[HN Gopher] Git's database internals II: commit history queries
___________________________________________________________________
Git's database internals II: commit history queries
Author : todsacerdoti
Score : 79 points
Date : 2022-08-30 16:01 UTC (6 hours ago)
(HTM) web link (github.blog)
(TXT) w3m dump (github.blog)
| ajross wrote:
| FTA:
|
| > Graph databases need not apply
|
| The previous blog entry had some of the same apologia about
| database theory and why git seems to be breaking rules. This
| seems misplaced to me. Git is a foundational technology of the
| modern internet, used and relied on by... basically everyone to
| do exactly the job for which it was engineered. It's _exactly_
| the place where you 'd expect to see a special-purpose data store
| in use, tuned to exactly the application space where it resides.
|
| That's not to say it's not interesting to talk about graph
| databases or B trees (from the last post) and how they might be
| applied to source control. But please don't stop in the middle of
| your discussion about git to do it. We know git stands alone,
| tell us how git works.
| ruuda wrote:
| The comment in part I that b-trees are not appropriate because
| Git does not do "live updating" of the packfiles also felt a
| bit misplaced to me. Writing small objects and then aggregating
| them into larger ones when we get too many of them, especially
| with geometric repacks, that sounds a lot like LSM trees, which
| underpin LevelDB and descendants, which in turn are used as the
| storage engine in many newer relational databases. It's not
| b-trees, sure, but there is something that updates with every
| commit, and you want to balance fast lookups, disk usage, and
| write amplification. In that sense Git's use case does not
| sound so special to me at all.
| cryptonector wrote:
| Fossil uses SQL and is very Git-like in many ways (but with an
| opinionated, merge-hap-hap-happy UI), and definitely is graph-
| like in its schema. That tends to prove that, indeed, there's
| nothing that special about Git that makes it not like other
| databases.
|
| Commit metadata is decidedly relational (or, rather, can be
| modeled as such).
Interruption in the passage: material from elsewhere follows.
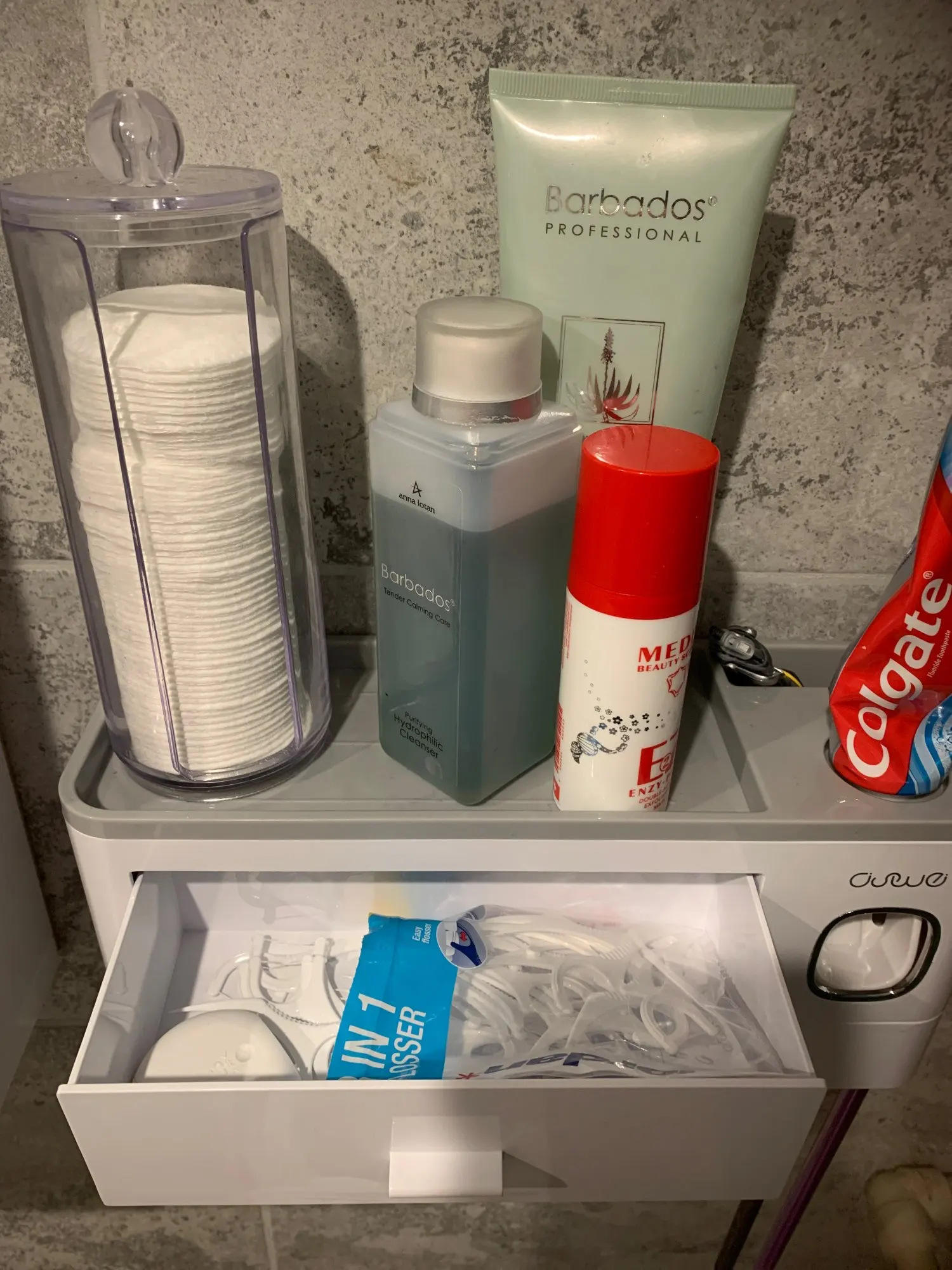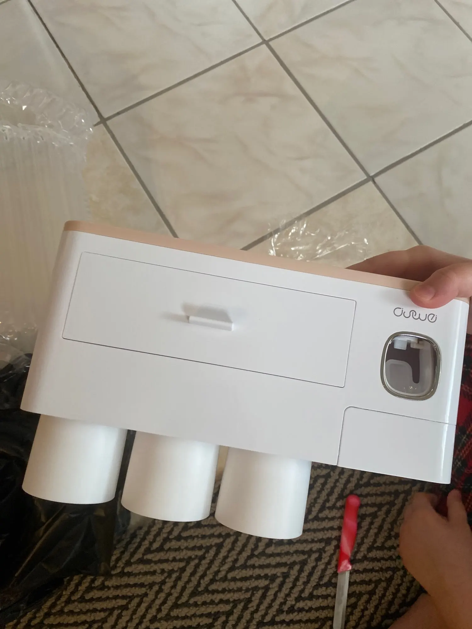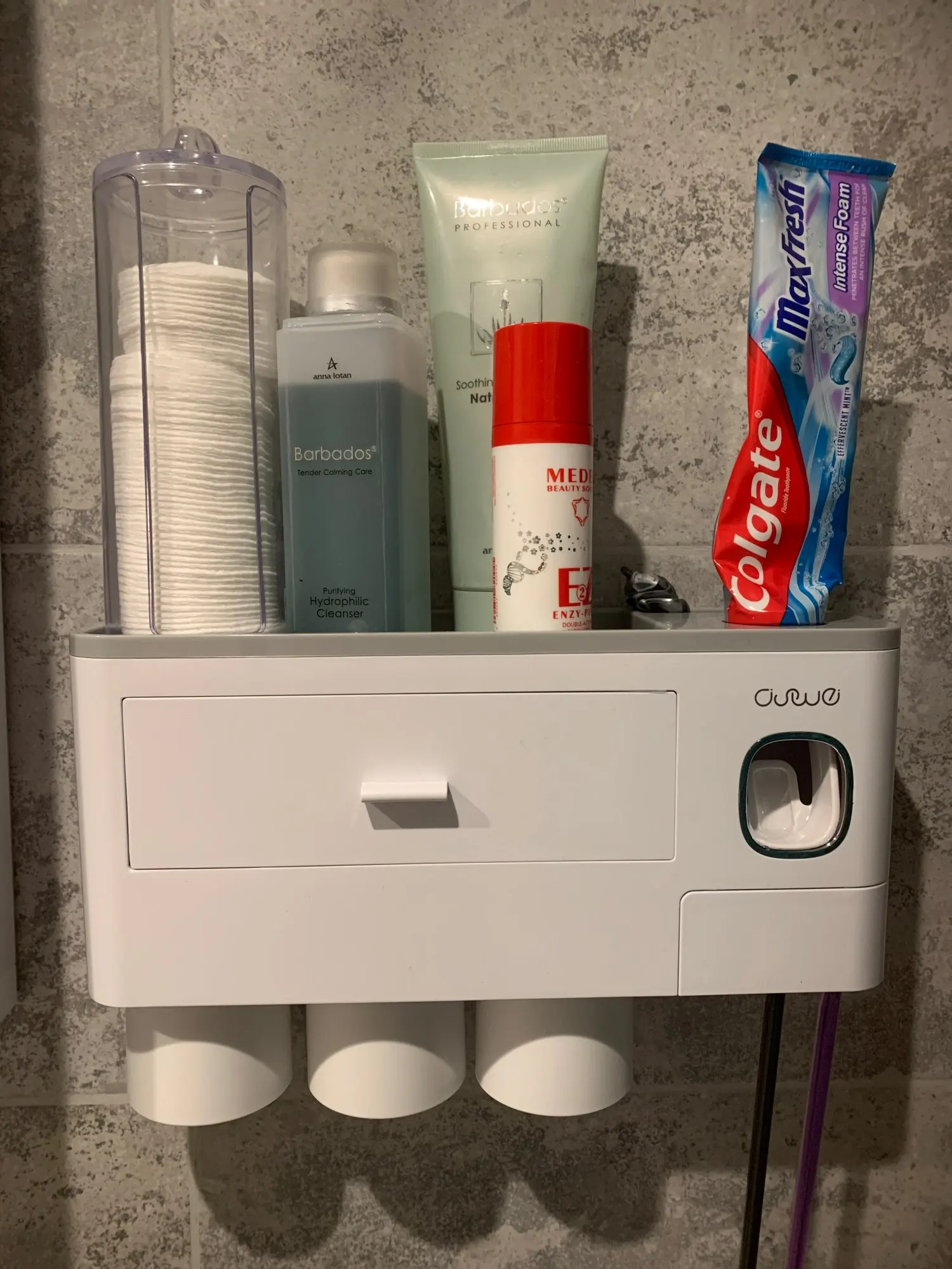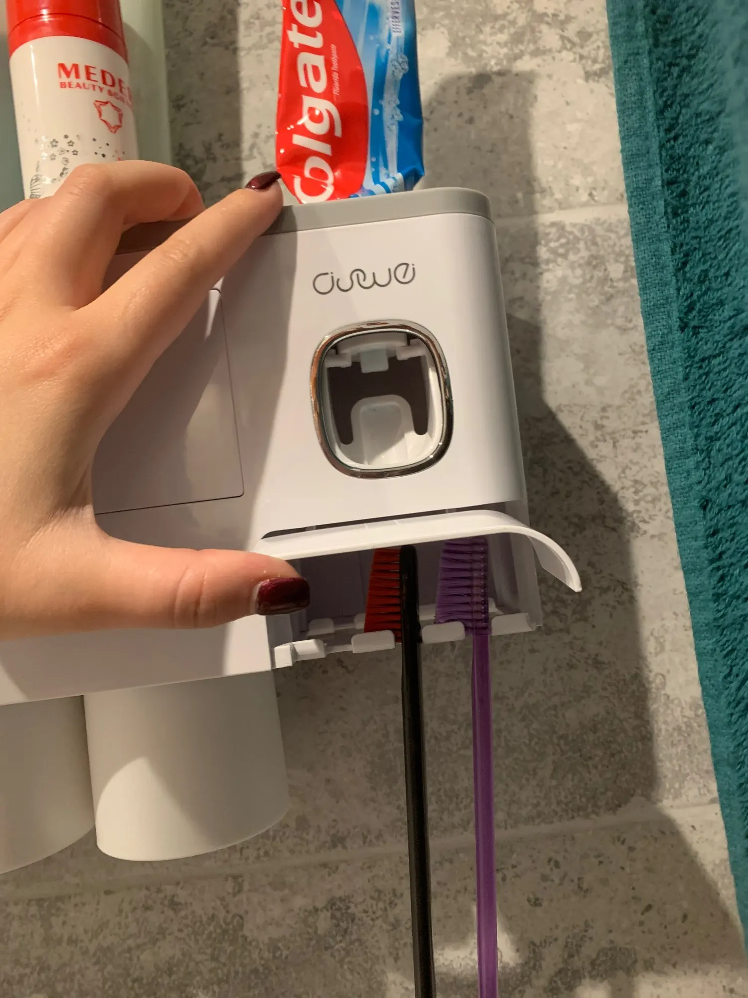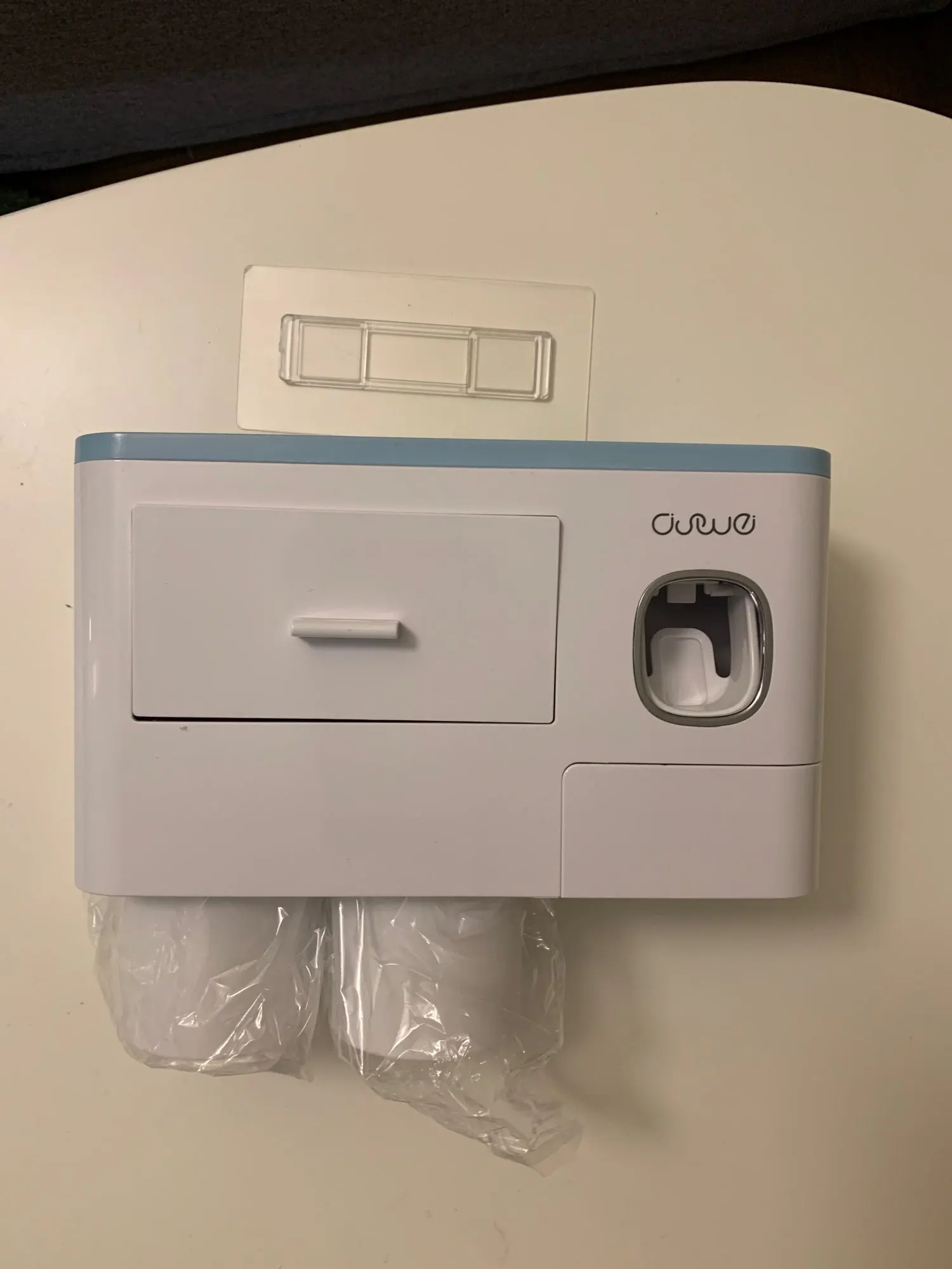 Это здорово. Очень легко установить, сначала я думал, что стикер будет удален с стены при размещении прибора, из-за давления, но это не было. Он очень хорошо цепляется (я оставляет наклейку на стене в течение нескольких минут, на всякий случай, перед установкой). Очень компактный и компактный. Идея подвесить очки с магнитом очень хорошая. Зубная паста прессована и, для заливки пасты в щетку, хорошо дозирует ее. Он не выпадает слишком сильно, слишком быстро или протекает. Он пришел хорошо вовремя и очень хорошо обернут. Без повреждений. Я очень доволен и буду покупать больше у этого продавца.

Commits have zero, one, or two parent commits
| (thinking of root commits as parentless), they have an author,
| a date, a commit synopsis and a commit message, a root object,
| and maybe some other metadata (e.g., who pushed, who signed
| off, etc.). That's all perfectly appropriate for a relational
| DB.
|
| The main issue that has come up over time with Fossil-style
| DVCSes is the size of the metadata you must keep _and_ examine
| to do things like `git log -- some-file`. The metadata size
| issue is always going to be an issue, but maybe an ad-hoc DB
| can wring more compression out than a general purpose DB. Git
| itself had the second problem, and it had to get solved by
| using a Bloom filter to reduce the set of commits that need to
| be examined.
| rzzzt wrote:
| Are octopus merges modeled as successive commits with two
| parents each?
| snvsn wrote:
| One commit with as many parents as merged branches. (A git
| commit can have an arbitrary number of parent commits.)
|
| Try git cat-file -p $SHA
| cryptonector wrote:
| Ok, zero, one, two, or any number of parents. That's even
| easier.
___________________________________________________________________
(page generated 2022-08-30 23:00 UTC)